§ **Supplied records**
Start of Block

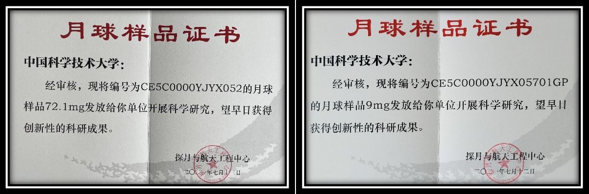 7月12日,国家航天局、中国科学院在京联合举行第一批月球科研样品发放仪式,向13家科研机构发放了31份样品,共17476.4mg,标志着月球样品的科学研究正式启动。其中,我校杜江峰院士、秦礼萍教授作为使用责任人获批第一批月球样品,共计81.1毫克。首次获批月球样品的17位使用责任人中,5名是中国科大校友。
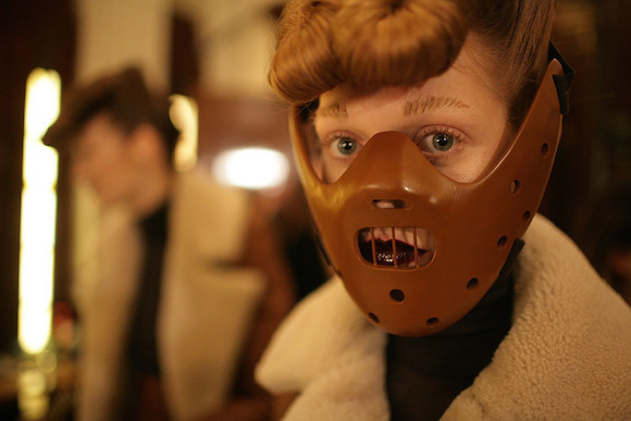 整场秀,你会看到一整队表情严肃的“女精英”气势十足地轮番朝你走来。她们无一例外抹着暗紫色的口红,而在穿戴上,有的戴着黑手套,提着公文箱,有的穿着大垫肩的外套,有的穿着棱角锐利的裙子,也有人索性“头顶光环”、或在上半脸和下半脸分别戴上人脸同款或是皮质封嘴的面具。
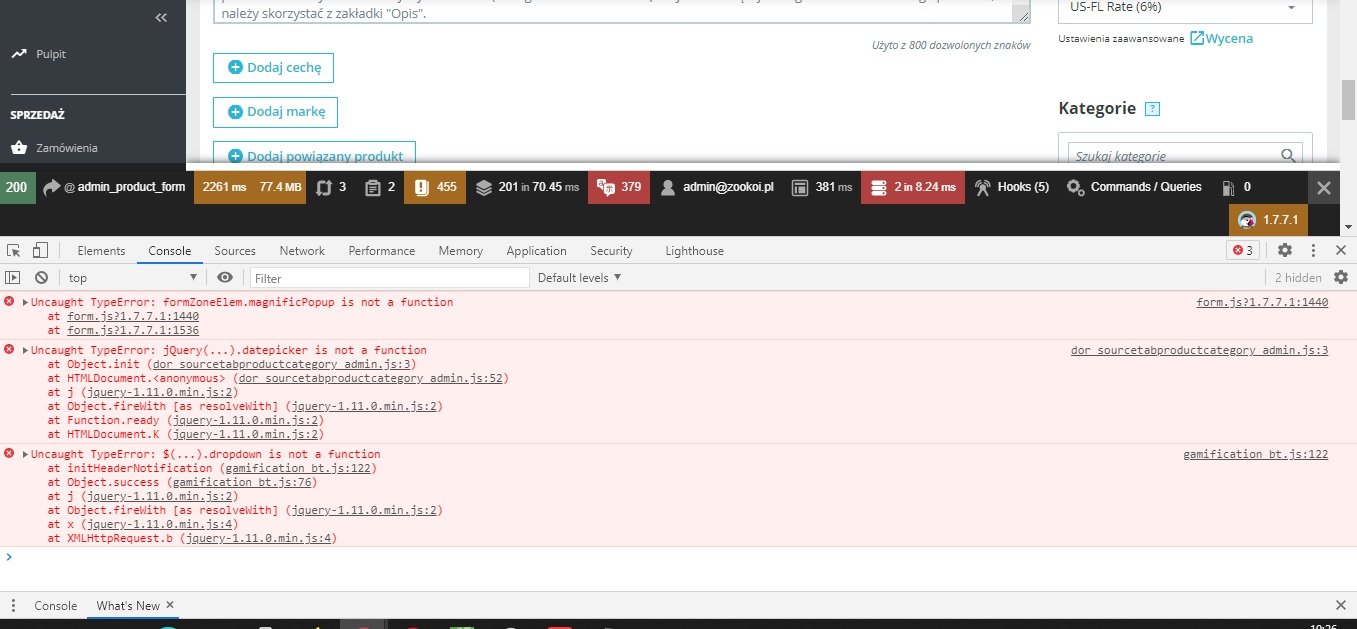mam problem z działaniem zaplecza. Nie działają poprawnie część kontrolek w zapleczu presty. W konsoli mam błędy -> w załączniku zrzut.
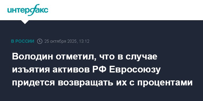 Москва. 25 октября. INTERFAX.RU - Российские замороженные активы в случае их изъятия европейскими странами придется возвращать с процентами, заявил председатель Госдумы Вячеслав Володин.
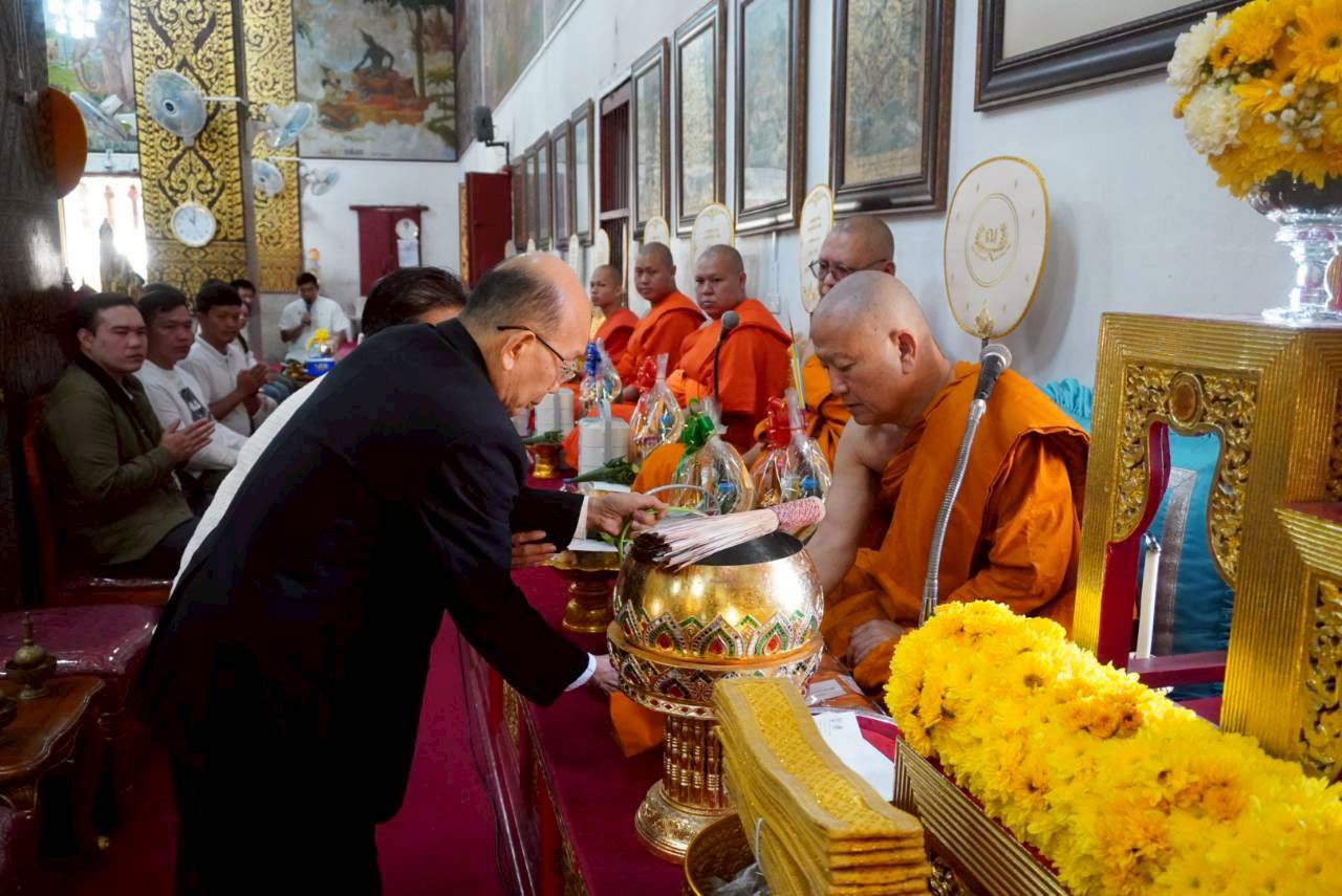 ศูนย์การศึกษามหาวิทยาลัยเชียงใหม่ จัดพิธีทำบุญและพิธีเจริญพระพุทธมนต์สวดชัยมงคลคาถา เนื่องในโอกาสการประกาศตั้งชื่ออ่างเก็บน้ำ “อ่างแก้วทิพย์ธารา” รวมถึงเพื่อความเป็นสิริมงคลแก่ศูนย์ผลิตน้ำประปาของศูนย์การศึกษา โดยมี พระเทพรัตนนายก เจ้าคณะจังหวัดลำพูน และเจ้าอาวาสวัดพระธาตุหริภุญชัย วรมหาวิหาร เป็นประธานในพิธีสวดพุทธมนต์และสวดชัยมงคลคาถา และ รองศาสตราจารย์ ดร.ประโยชน์ อุนจะนำ ผู้อำนวยการศูนย์การศึกษามหาวิทยาลัยเชียงใหม่ เป็นประธานฝ่ายฆราวาส นำบุคลากรศูนย์การศึกษาฯเข้าร่วมพิธี เพื่อความเป็นสิริมงคลแก่บุคลากรและหน่วยงาน เมื่อวันที่ 5 ธันวาคม 2568 ณ วิหารหลวง วัดพระธาตุหริภุญชัย วรมหาวิหาร อำเภอเมือง จังหวัดลำพูน

End of Block

Retype the records in full, exactly as given, and omit the pictures.

 7月12日,国家航天局、中国科学院在京联合举行第一批月球科研样品发放仪式,向13家科研机构发放了31份样品,共17476.4mg,标志着月球样品的科学研究正式启动。其中,我校杜江峰院士、秦礼萍教授作为使用责任人获批第一批月球样品,共计81.1毫克。首次获批月球样品的17位使用责任人中,5名是中国科大校友。
 整场秀,你会看到一整队表情严肃的“女精英”气势十足地轮番朝你走来。她们无一例外抹着暗紫色的口红,而在穿戴上,有的戴着黑手套,提着公文箱,有的穿着大垫肩的外套,有的穿着棱角锐利的裙子,也有人索性“头顶光环”、或在上半脸和下半脸分别戴上人脸同款或是皮质封嘴的面具。
mam problem z działaniem zaplecza. Nie działają poprawnie część kontrolek w zapleczu presty. W konsoli mam błędy -> w załączniku zrzut.
 Москва. 25 октября. INTERFAX.RU - Российские замороженные активы в случае их изъятия европейскими странами придется возвращать с процентами, заявил председатель Госдумы Вячеслав Володин.
 ศูนย์การศึกษามหาวิทยาลัยเชียงใหม่ จัดพิธีทำบุญและพิธีเจริญพระพุทธมนต์สวดชัยมงคลคาถา เนื่องในโอกาสการประกาศตั้งชื่ออ่างเก็บน้ำ “อ่างแก้วทิพย์ธารา” รวมถึงเพื่อความเป็นสิริมงคลแก่ศูนย์ผลิตน้ำประปาของศูนย์การศึกษา โดยมี พระเทพรัตนนายก เจ้าคณะจังหวัดลำพูน และเจ้าอาวาสวัดพระธาตุหริภุญชัย วรมหาวิหาร เป็นประธานในพิธีสวดพุทธมนต์และสวดชัยมงคลคาถา และ รองศาสตราจารย์ ดร.ประโยชน์ อุนจะนำ ผู้อำนวยการศูนย์การศึกษามหาวิทยาลัยเชียงใหม่ เป็นประธานฝ่ายฆราวาส นำบุคลากรศูนย์การศึกษาฯเข้าร่วมพิธี เพื่อความเป็นสิริมงคลแก่บุคลากรและหน่วยงาน เมื่อวันที่ 5 ธันวาคม 2568 ณ วิหารหลวง วัดพระธาตุหริภุญชัย วรมหาวิหาร อำเภอเมือง จังหวัดลำพูน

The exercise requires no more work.